EXERCISE REQUIREMENTS — Please transcribe the data below in full. Omit any picture you find in it.

STORED DATA —

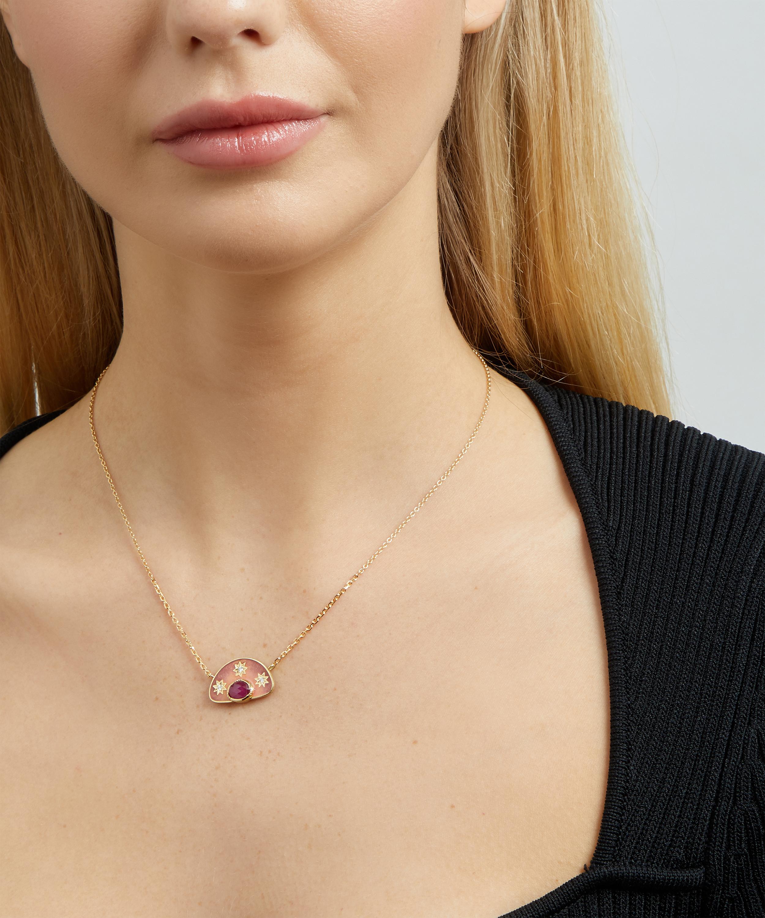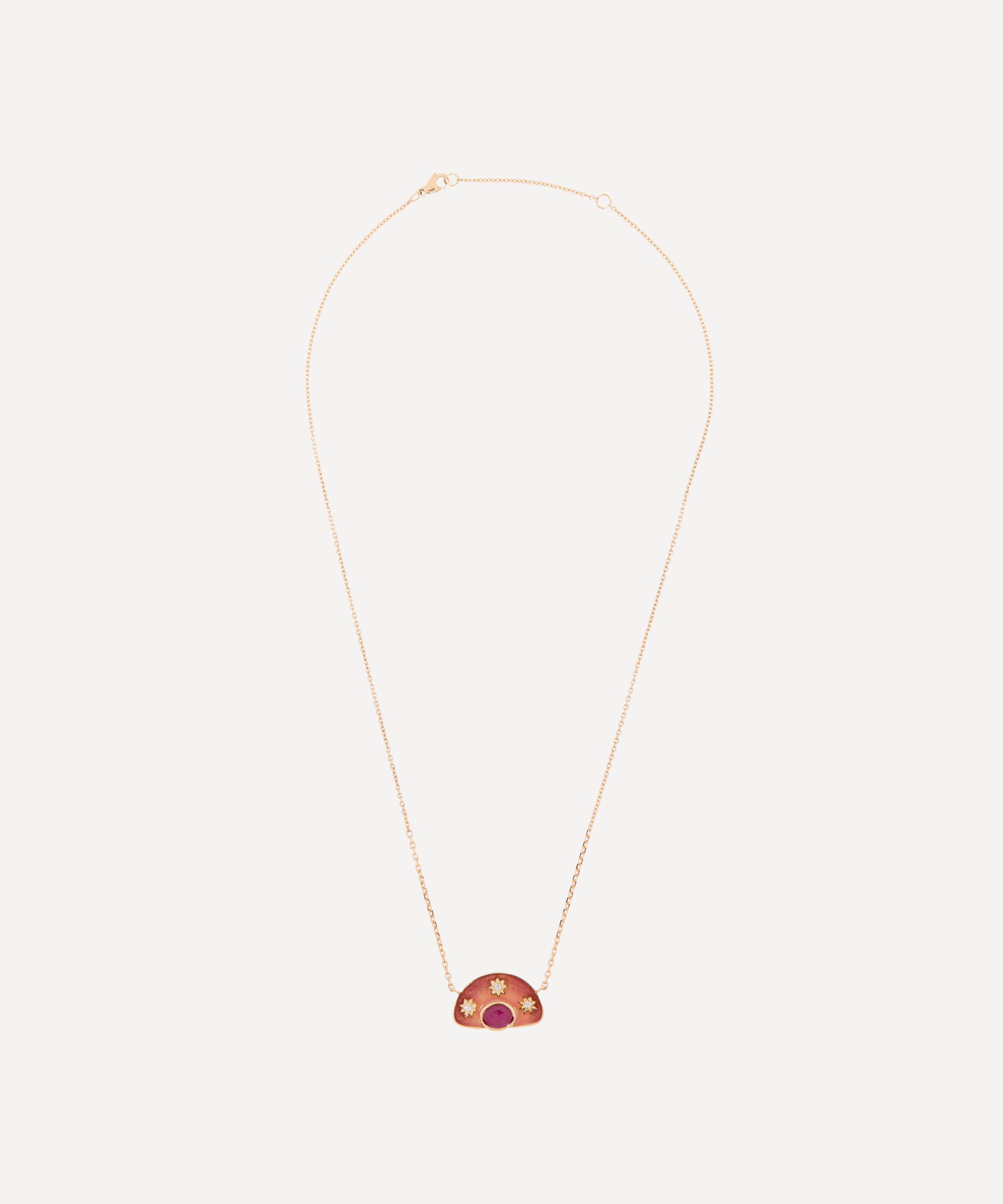 18ct Gold Stargaze Ruby and Diamond Enamel Pendant Necklace
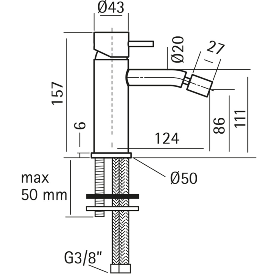 Смеситель Cisal Xion XI000564D1 однорычажный для биде на 1 отверстие без донного клапана, цвет нержавеющая сталь
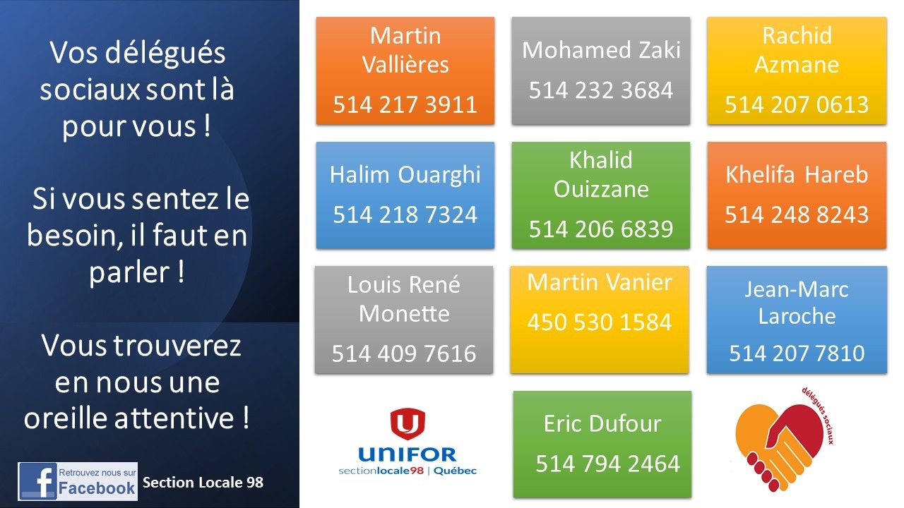 Le rôle de délégués sociaux est qu'ils s’assureront que leurs membres puissent bénéficier du support recherché et ce, en toute confidentialité.
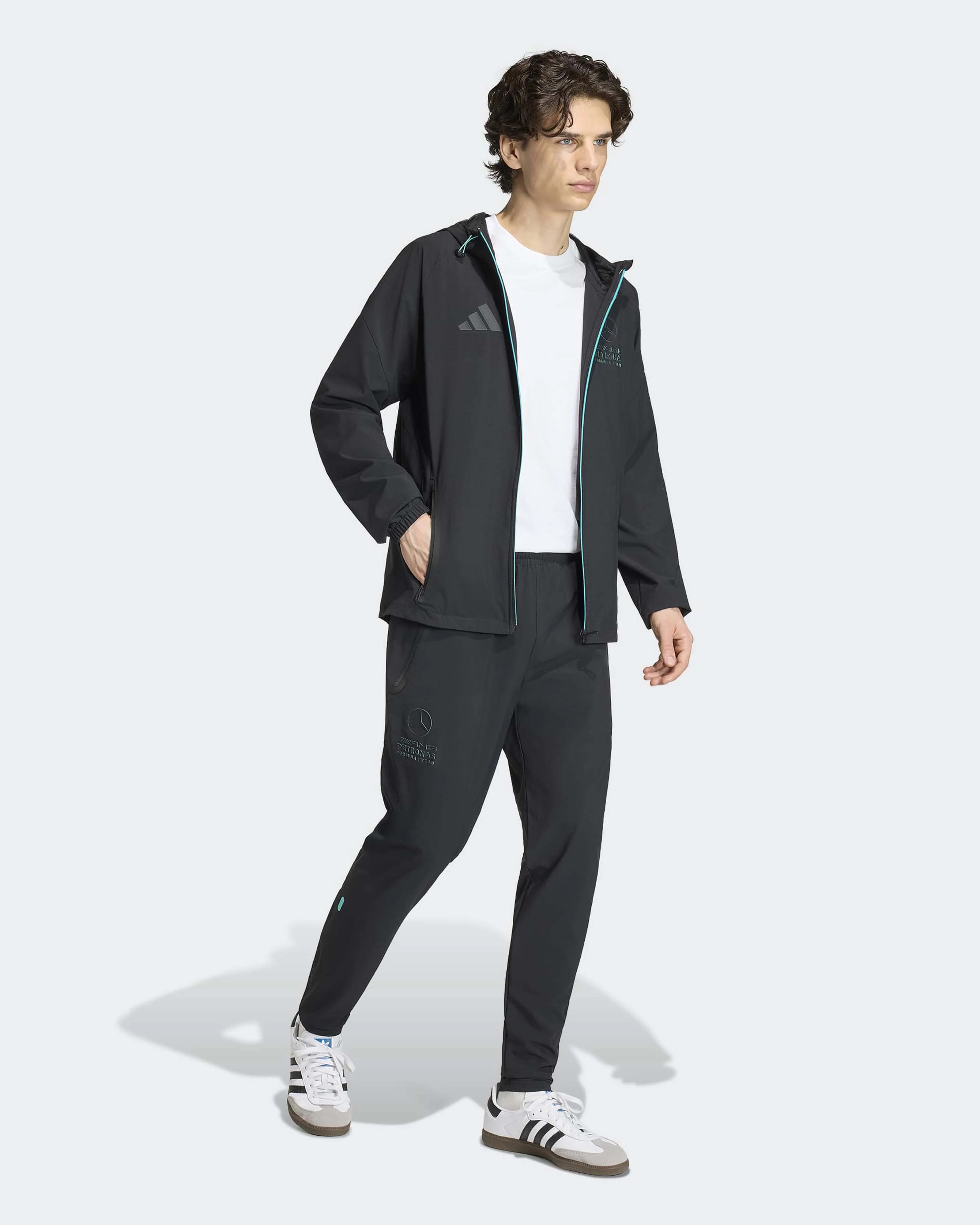 Bring race-day energy to your off-duty look with the Mercedes - AMG Petronas Formula One Team Lights Out Tracksuit Pants for men. In timeless black, these versatile track pants channel the spirit of lights out while delivering easy, everyday comfort.

RESPONSE TO THIS EXERCISE —
 18ct Gold Stargaze Ruby and Diamond Enamel Pendant Necklace
 Смеситель Cisal Xion XI000564D1 однорычажный для биде на 1 отверстие без донного клапана, цвет нержавеющая сталь
 Le rôle de délégués sociaux est qu'ils s’assureront que leurs membres puissent bénéficier du support recherché et ce, en toute confidentialité.
 Bring race-day energy to your off-duty look with the Mercedes - AMG Petronas Formula One Team Lights Out Tracksuit Pants for men. In timeless black, these versatile track pants channel the spirit of lights out while delivering easy, everyday comfort.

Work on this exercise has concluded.